How to Set Boundaries in Business
You hear people say all the time how important boundaries are. But why? And how do you set boundaries with clients? I’ll tell you that setting boundaries changed my business for the better. I’m much happier, balanced, and productive. Let me explain how I set boundaries with my clients, what the boundaries are, and how you can do the same.
How to Set Boundaries
There are a few important things to remember when setting boundaries with clients.
1. Be Respectful
The last thing you want is to set a boundary out of frustration. Don’t let it get to the point where you’re upset and acting out of heightened emotion. Politely set the boundaries in an email or your contract (more on that in a minute).
2. Be Clear
I recommend putting some of your boundaries in the contract you have with your clients. Then, if a boundary is broken, you can refer them to the contract they signed (in a respectful way!). You don’t need to say what NOT to do, but clearly explain your expectations regarding the boundaries you set.
3. Stick to Your Guns
I really had to learn this one in my first few years managing my business. It’s hard for me to say no to my clients because I love helping them! But, you have to stick to your boundaries. They say if you give a little, they’ll take a lot. It’s so true in business. If you give a little leeway one day, the next day, they’ll ask for a little more. Don’t make compromises on your boundaries. Remember that you set them for a reason - to give yourself a healthy break from work.

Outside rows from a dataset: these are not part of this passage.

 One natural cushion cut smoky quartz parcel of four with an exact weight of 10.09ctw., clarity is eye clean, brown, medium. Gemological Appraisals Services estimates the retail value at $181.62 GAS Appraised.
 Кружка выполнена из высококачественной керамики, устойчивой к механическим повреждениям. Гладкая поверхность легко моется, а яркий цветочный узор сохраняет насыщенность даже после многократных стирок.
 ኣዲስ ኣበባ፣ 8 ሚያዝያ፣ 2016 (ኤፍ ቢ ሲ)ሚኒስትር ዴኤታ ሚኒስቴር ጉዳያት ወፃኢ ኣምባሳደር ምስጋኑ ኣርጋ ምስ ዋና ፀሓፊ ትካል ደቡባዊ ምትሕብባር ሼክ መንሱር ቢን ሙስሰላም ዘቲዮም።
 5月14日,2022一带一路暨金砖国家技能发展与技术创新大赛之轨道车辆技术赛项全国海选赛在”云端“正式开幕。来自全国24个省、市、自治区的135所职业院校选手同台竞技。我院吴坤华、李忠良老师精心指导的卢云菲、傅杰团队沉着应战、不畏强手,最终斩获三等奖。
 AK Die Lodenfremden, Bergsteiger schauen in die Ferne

Types of Boundaries to Set
Here are a few boundaries I set with my clients.
1. Office Hours
I put my office hours in my contract. I state that I’ll be available Monday-Friday from 8 AM to 5 PM PST unless otherwise noted. In that case, I’ll send my client an email letting them know when I’m taking time off well in advance and send a few reminders leading up to it. Again, I’m very clear on when I’m available and when I’m taking time off.

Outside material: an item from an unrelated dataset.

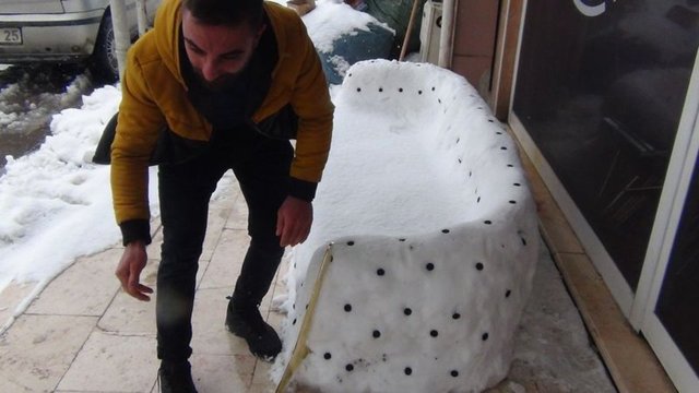 Ardından koltuğa oturup çay içti. Kaldırımda yürüyen vatandaşlar, kardan koltuğa oturup çay içenlere ilgiyle baktı.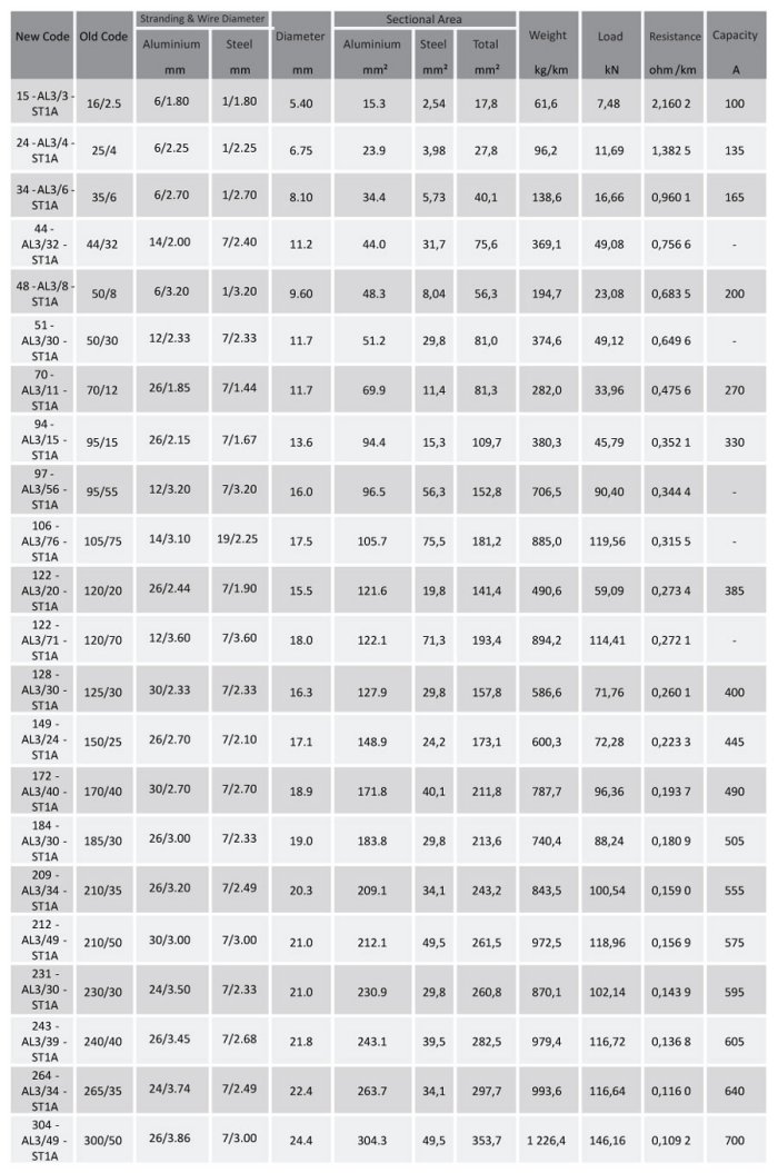 4S - Model AACSR | French Sizes -Aluminum Alloy Conductors Steel Reinforced

I also let clients know when they can expect to hear back from me. Generally, I say that I respond in 24 hours. However, if they email me at 7 PM on Friday, they won’t hear back until Monday morning. Clients shouldn’t expect you to answer immediately, but you need to make your response time clear.
2. Preferred Communication
Do you prefer to talk on the phone, email, text, video chat, Slack, send voice messages, or use Facebook Messenger? There are so many ways to communicate these days that you need to set boundaries with how you prefer to communicate. For example, I don’t give out my personal cell phone number to my clients because I don’t like to communicate via text. I prefer email, Slack, and video calls. Those are the only ways I’ll communicate with clients, and they all know that is how to reach me.
3. Saying No
I always feel bad saying no to clients! I want to help in any way I can, but sometimes, their request is outside my team’s area of expertise, or the scope of the project is too much. It’s totally fine to tell clients that. The important thing is to be clear about why you are saying no. I also like to provide them referrals or resources that can help them with their original request.
P.S. It’s also okay to say no if you simply don’t want to do what they requested of you!
Boundaries are totally normal and okay to set! You shouldn’t feel guilty for doing what you need to do to maintain a healthy work-life balance. No one will blame you for that. After all, that’s what we’re all trying to achieve!